What a strange weekend. I've fished all around the world with all manner of anglers and I thought there was not much left that could faze me. Oh, what a simple old clot I am, writes John Bailey.

What a strange weekend. I've fished all around the world with all manner of anglers and I thought there was not much left that could faze me. Oh, what a simple old clot I am.

The gist of the story is that I was guiding a Russian Oligarch-type over the weekend with his two sons who each hold five different national passports. They arrived in a chauffeur-driven limo and they left in a helicopter. And I felt afterwards that I wasn't quite charging them enough. But to the fishing.

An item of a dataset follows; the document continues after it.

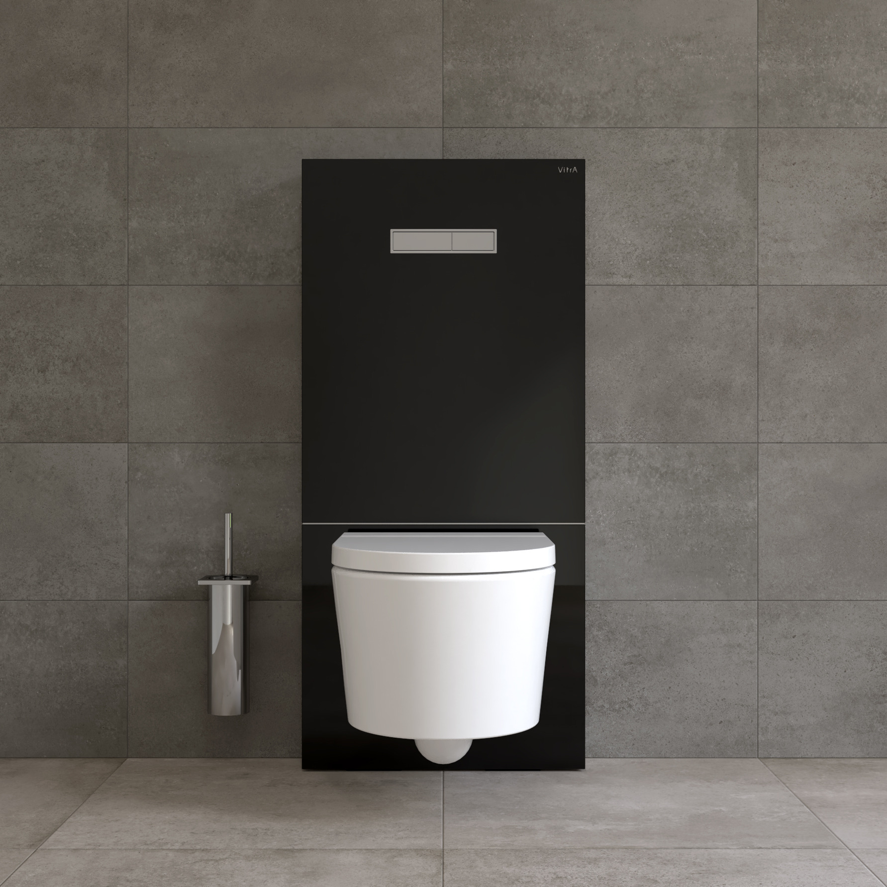 Vitra Pack WC Bâti support en verre trempé/aluminium brossé avec plaque intégrée, Noir + WC sans bride SAT + Abattant softclose

It started well on Saturday with a few small pike that were caught and safely released. It wasn't until the mid-afternoon that a better fish was landed and the boys fell upon it, unstrapping their hunting knives. I leapt between them and the fish and explained that in this country we tend to put our pike back.

Misery all round. We're hunter gatherers I was told in no uncertain terms. Then inspiration struck. We went on the river with three large mackerel dead baits and the fun began. By the end of Sunday afternoon, they caught a bucketful of signal crayfish and were happy. I'm not sure about the legalities, but they took the crayfish back with them so at least they didn't go back into the river. I then got an e-mail just before midnight on the Sunday to tell me that the crayfish had been consumed during an impromptu party and my health had been toasted by innumerable vodka drinkers. Rarely have I seen anglers disappointed by catching a pike and elated at reeling in a mackerel decorated with signal crayfish. I sense a new business opportunity opening up here. My bewilderment continued into the next day. I was booked to film with a Sky camera crew and we duly met at the appointed bridge at nine o'clock in the morning. We fished together until 4pm on not a bad day really and on a river that looked completely in order. I'd settled on about a dozen swims, all top ones and all pre-baited for a couple of days beforehand. I've got both float and light leger tackle with me and buckets of different baits. And of course, if there's one species I really know how to catch it is chub, so I was privately predicting to myself a pretty starry type of day.

I waved them off as I said at around four as the sun was setting. They seemed happy with the day and we're planning another trip soon, despite the fact that I didn't get a single, solitary bite of any sort. Not even from a crayfish. Not from a minnow. The day was a complete and utter blank. Never before in 27 years of fishing in front of a camera have I managed to fail so spectacularly. And, in a sort of way, I'm glad.

Don't forget, any of us, that we're pursuing wild fish when we're after our river chub. And wild fish are just that.

They live on their wits. They're experts in all the arts of survival. If we think that we are their masters or their betters, then we're mistaken.

There are times when you just will not catch and you will never know the reason why. This is how it should be. Nature should keep her mysteries and her secrets. This is why we go fishing, not go catching. It's good to be humbled, to be brought right down to earth, to realise that you're not the master of the river universe.

I think it's nice, too, for a film at last to show an angler, supposedly a good one, fail.

That's because we all fail sometimes. In truth, a lot of the time. Doesn't it get tiresome for us all to see celeb anglers succeed session after session, grinning over their trophies? Real fishing, real life, doesn't work out like this and it's good to remember that.

Baffled Bailey I might be but, believe me, that failure has only made my enthusiasm the keener.

I've talked with a score of anglers about this piece in regard to how we should deal with signal crayfish, especially those that come along unintentionally. The bottom line is that the bye-laws are ignored, misunderstood or not even known about. My own view is that there seem to be lots of grey areas that could be made clearer and certainly more sensible. I do defend this piece. If you do incidentally catch signal crayfish on bait, then it seems just as environmentally friendly to take them away as a food source as it is to grind them into the mud. From which a good few might escape to re-enter the river. Surely the best laws are those that reflect common sense?